U.S. P/C Insurers’ Net Income Falls More Than 50% in First Half 2008
The U.S. property/casualty industry’s net income after taxes fell more than 50 percent to $15.9 billion in the first half of 2008 on a combination of deteriorating underwriting results and declining investment returns, according to A.M. Best Co. As a result, the U.S. P/C industry’s annualized after-tax return on equity (return on surplus) fell to 9.5 percent for the 12 months ended June 30, 2008, from 14.2 percent for the 12 months ended June 30, 2007.
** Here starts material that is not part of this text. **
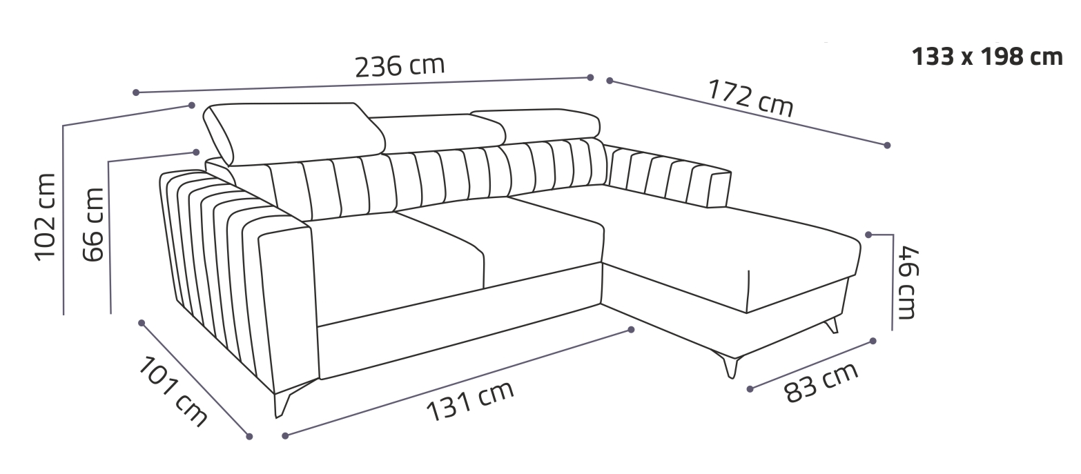Sedací souprava Mildred osloví každého, kdo preferuje moderní vzhled a zároveň pohodlí a praktičnost. Je potažena kvalitní potahovou látkou s kontrastním prošitím. Sedací souprava je velmi pohodlná a dostatečně velká na posezení s přáteli, nebo rodinou. Pro případ, že se návštěva zdrží přes noc, je sedací souprava vybavena rozkladem, díky kterému sedací soupravu jednoduše přeměníte v prostorné lůžko. Sedací souprava má praktický úložný prostor, který můžete využít např., na lůžkoviny. Pohodlí při sezení zajišťuje výplň sedáků, kterou tvoří kombinace pružin faliste s kvalitní PUR pěnou. Komfort a pohodlí při odpočinku zvyšuje polohovací opěrka hlavy. Sedací soupravu nabízíme v levém i pravém provedení.

Net premiums written declined approximately $1.6 billion, or 0.7 percent, to $224.3 billion through the first half of 2008 from $225.9 billion during the same period of 2007.
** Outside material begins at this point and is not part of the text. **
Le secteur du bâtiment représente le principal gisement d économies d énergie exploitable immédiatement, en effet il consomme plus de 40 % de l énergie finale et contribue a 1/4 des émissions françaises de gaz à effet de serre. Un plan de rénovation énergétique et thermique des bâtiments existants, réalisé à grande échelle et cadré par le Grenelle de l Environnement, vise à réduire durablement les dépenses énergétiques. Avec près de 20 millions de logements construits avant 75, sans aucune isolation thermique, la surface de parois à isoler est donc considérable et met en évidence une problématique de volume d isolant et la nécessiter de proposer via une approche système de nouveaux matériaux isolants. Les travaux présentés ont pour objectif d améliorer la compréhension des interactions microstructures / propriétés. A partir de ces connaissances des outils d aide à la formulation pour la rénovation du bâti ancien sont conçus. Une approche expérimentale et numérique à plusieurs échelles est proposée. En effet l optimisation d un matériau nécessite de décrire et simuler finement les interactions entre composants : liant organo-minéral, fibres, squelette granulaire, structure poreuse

The industry’s overall combined ratio deteriorated to 102.1 in the first half of 2008 as a result of continued price softening, challenging market conditions, unusually high catastrophe losses and significant underwriting losses by mortgage and financial guaranty insurers.
Excluding the impact of groups within the A.M. Best Co. mortgage and financial guaranty composites, the U.S. P/C industry posted a more modest underwriting loss of $1.2 billion and a combined ratio of 99.9.
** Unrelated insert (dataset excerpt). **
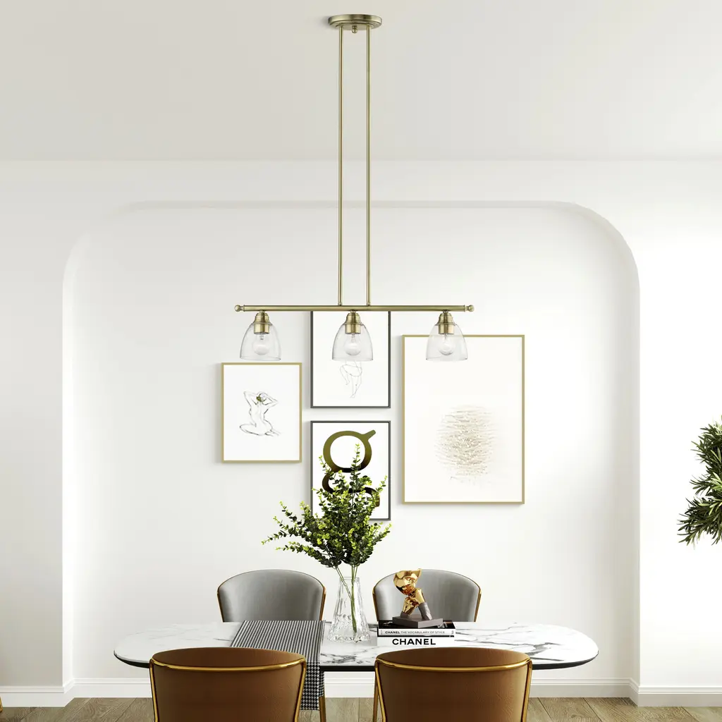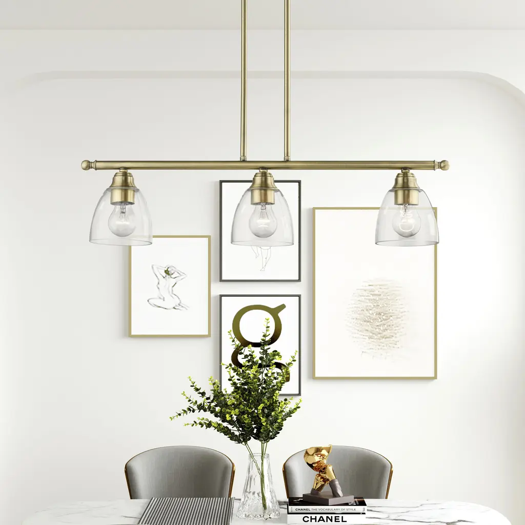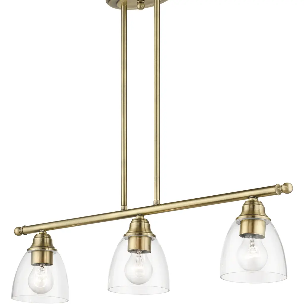 Montgomery 3 Light 30 Inch Antique Brass Linear Chandelier Ceiling Light

Policyholder surplus (PHS) declined 4.5 percent to $512.9 billion through the first half of 2008 from $537.2 billion at year-end 2007.
The industry’s investment results continued to be pressured through the first six months by the low interest rate environment, ongoing turmoil in the credit markets and extreme volatility in the equity markets.
The personal lines segment’s underwriting results deteriorated through the first half of 2008 with a reported combined ratio of 102.5. The commercial lines segment’s combined ratio deteriorated to 102.2 in the first half.
The U.S. reinsurance segment’s combined ratio increased to 97.0 in the first half, up from 90.3 during the same period of 2007.